Por isso ele sugeriu que o Ian fosse morar na periferia de São Paulo. As próprias pessoas vão trazer para o Ian as pautas, coisas que elas querem saber, mensagens que elas querem que ele espalhe no seu canal. Dentro da favela ele pode ser uma megafone da voz da comunidade. Como isso dá muita abertura para aquela comunicação se expandir, por que não fazer programas de rádio locais, transmitir as lives nas TVs dos bares(é tão barato você por um aparelho na TV que pegue uma Twitch), trazer gente do bairro para conversar na live ?

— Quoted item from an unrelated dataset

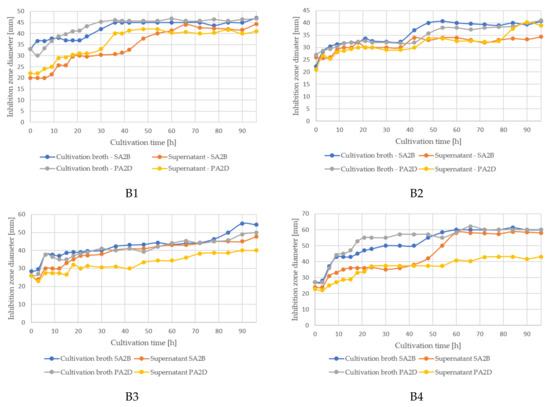 The suppressive effect of cultivation broth samples is primarily attributed to the competitive advantage of the producing microorganism’s cells, while in supernatant, the bioactive components responsible for antifungal activity are extracellular metabolites. The changes in the level of antagonistic activity of cultivation broth samples during the cultivation can be related to the multiplication intensity of the producing isolate, shown in Figure 4, where an evident increase in inhibition zones is recorded during the exponential growth phase. On the other hand, during the stationary growth phase when the secondary metabolism activity of the strain is expressed, there is a slight increase in the inhibition zones obtained by the supernatant samples. The highest antagonistic activity is obtained in the last experimental set, which is also expected according to the previously described results for biomass growth. This fact indicates the importance of the maximization of viable cell numbers at the end of cultivation and in the consequent downstream processing steps, as well as during bioproduct storage, distribution, and application in order to provide the maximal possible biomass content as the active component of the biological product at the application site.

A argumentação do Ian de que é impossível emular a favela para falar com a favela, ele disse que o favelado teria que ele mesmo produzir o conteúdo. Isso é válido de se apontar. Ele continua dizendo que as pessoas mais pobres tem dificuldade de ficar fazendo conteúdo na internet por conta dos custos.

Isso foi uma coisa que passou, mas o Galo poderia argumentar que seria interessante criar um espaço de criação de conteúdo, para essas pessoas que querem trabalhar com isso conseguirem fazer isso. Por isso a ideia de ocupação é tão importante. É sobre estética, não no sentido burguês.

Não se trata de aparência meramente. É muito um tipo de imaginação, uma construção de futuro. Nós mesmos, eu me incluo nessa, não somos os socialistas do futuro, se a gente com toda nossa radicalidade fosse transportado para um país socialista do futuro, nós seríamos considerados ultrapassados. Mas a gente pode inspirar, através do que a gente fala, como a gente fala, do que a gente faz.

É a nossa relação dos filhos em relação aos pais. Eles são humanos, são cheios de defeitos e problemas, o que marca os filhos é o exemplo, o cuidado, o conselho. 

A esquerda brasileira vem desde os anos 60 vacilando exatamente nesse ponto. Isso a esquerda "anti-Stalin" e os marxistas-leninistas. Quem tem memória, quem vê, quem sente, no sentido mais prático possível que existe algum socialismo por aí ? Muitas vezes, a grande preocupação de estar certo, de ter uma causa justa, de tentar reinventar a roda - abandonou exatamente a parte do afeto, do exemplo, da camaradagem, da ocupação, da organização.